Acute intermittent porphyria (AIP), also called Swedish porphyria, is a rare inborn error of metabolism (IEM) and autosomal dominant disorder of heme biosynthesis caused by a defective HMBS gene. The HMBS gene codes for the protein hydroxymethylbilane synthase (porphobilinogen deaminase) which catalyzes the synthesis of porphobilinogen into hydroxymethylbilane. This disorder is characterized by a large accumulation of 5-aminolevulinic acid or porphobilinogen in both urine and serum. Most patients are asymptomatic between attacks. Symptoms of the disorder include abdominal pain, constipation, vomiting, hypertension, muscle weakness, seizures, delirium, coma, and depression. Treatment involves undertaking a high-carbohydrate diet and, during severe attacks, a glucose 10% infusion.
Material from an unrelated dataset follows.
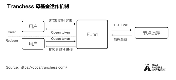 Tranchess 是運行在 BNB 鏈和以太坊上的一個資產價格追蹤與管理協議,目的是為不同風險偏好的用戶提供不同的收益回報,讓手頭有 BNB、BTC、ETH 甚至 穩定幣(如 BUSD 或 USDC) 的用戶將能夠找到最適合他們在風險狀況與回報方面需求的合適產品。Tranchess 的概念最初于 2020 年初被構思出來,并迅速發展到了現在的狀態。受到分級基金能夠滿足用戶不同風險偏好的啟發,Tranchess 通過一個跟蹤特定基礎資產(例如 BNB)的主要基金,提供不同的風險/回報矩陣。針對 BNB 和 ETH 基金,Tranchess 通過運行 PoS 節點,使基金能獲得質押收益。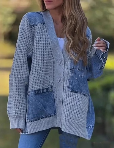Dámské Svetr Kardigan Svetr co-ords Šik ven Na běžné nošení Pevná barva Do V Knoflíky Pletený Dlouhý rukáv Běžné topy Plést Venkovní Dovolená Jdeme ven Černá Vodní modrá Podzim Zima

It is estimated that AIP affects 5.9 per 1 000 000 people.

2-Methyl-3-hydroxybutyryl CoA dehydrogenase deficiency (Hydroxyl-CoA dehydrogenase deficiency; MHBD) is a rare inborn disease of metabolism caused by a mutation in the HSD17B10 gene which codes for 3-hydroxyacyl-CoA dehydrogenase type-2. A deficiency in this enzyme results in accumulation of L-lactic acid in blood, spinal fluid, and urine; 2-ethylhydracrylic acid, 2-methyl-3-hydroxybutyric acid, and tiglylglycine in urine. Symptoms include cerebal atrophy, motor and mental retardation, overactivity and behavior issues, seizures and progressive neurological defects leading to early death. Treatment includes a high carbohydrate and low protein diet.

3-Methylglutaconic aciduria type 1 (3-Methylglutaconicaciduria; Aciduria, 3-methylglutaconic type I) is an autosomal recessive disease caused by a mutation in the AUH gene which codes for methylglutaconyl-CoA hydratase. A deficiency in this enzyme results in accumulation of 3-hydroxyisovaleric acid, 3-methylglutaconic acid, and methylglutaric acid in urine. Symptoms include hypoglycemia, low birth weight, coma, seizures, and mental retardation. Treatment includes a low protein diet.